Yo propongo a cualquier documentalista a hacer la versión sobre comidas de los argentinos, y no encarnada en los McDonalds sino en la familia: la madre preparando milanesas, el padre trayendo chocolates, los chicos hartándose de helados en la esquina. Porque el secreto está en el hábito de las dietas, aprendidas en casa, en el colegio, en la casa de los amigos y compañeros. ¿A qué argentino se le ocurre discutir el valor alimenticio de las milanesas de la nona o de la mama? ¿Oyeron a alguien discutir a muerte este aspecto? ¡Creo que por una cuestión política ni a Cormillot se le ocurriría cuestionarla, a no ser frente a enfermos a los cual debiera prohibírselas.
Detrás del mito de las milanesas se encierra otro más fuerte: la carne de vaca, detrás del cual hay otro: LA CARNE, sin la cual la suma de creencias arraigadas supone que todos moriríamos en poco tiempo.
Y así, como todos piensan que si suman sandía con vino morirán como envenenados, muchos piensan que si dejan de comer carne, comer menos o sustituirla aflorarán las mil desgracias sobre ellos.
Lo expresaremos de un saque: las milanesas y todo lo que suelen rodearla (mayonesa, papas fritas, tortillas) suman enfermedad.

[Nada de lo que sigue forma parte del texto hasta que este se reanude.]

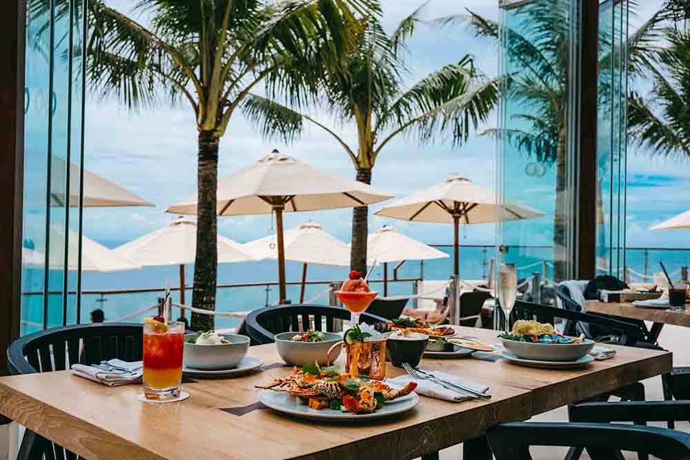 オーシャンビューのレストランでは、優雅に食事が楽しめます♪ハンバーガーやパスタをはじめ、ヴィーガン対応のメニューも豊富に揃います。

Es cierto que son riquísimas. Pero es también cierto que un tipo de cuarenta años, estuvo comiendo a lo largo de su vida unos dos mil platos de milanesas, cerca de una tonelada de carne frita, que como una trituradora funcionando no puede no haberle hecho algún daño.
Todo servido primero con la sonrisa y ternura de mamá y abuela, luego de su dulce mujercita.
¿Conclusión?
Deberíamos ponernos a investigar la incidencia de los mitos y creencias erróneas familiares en la mala alimentación de todos nosotros.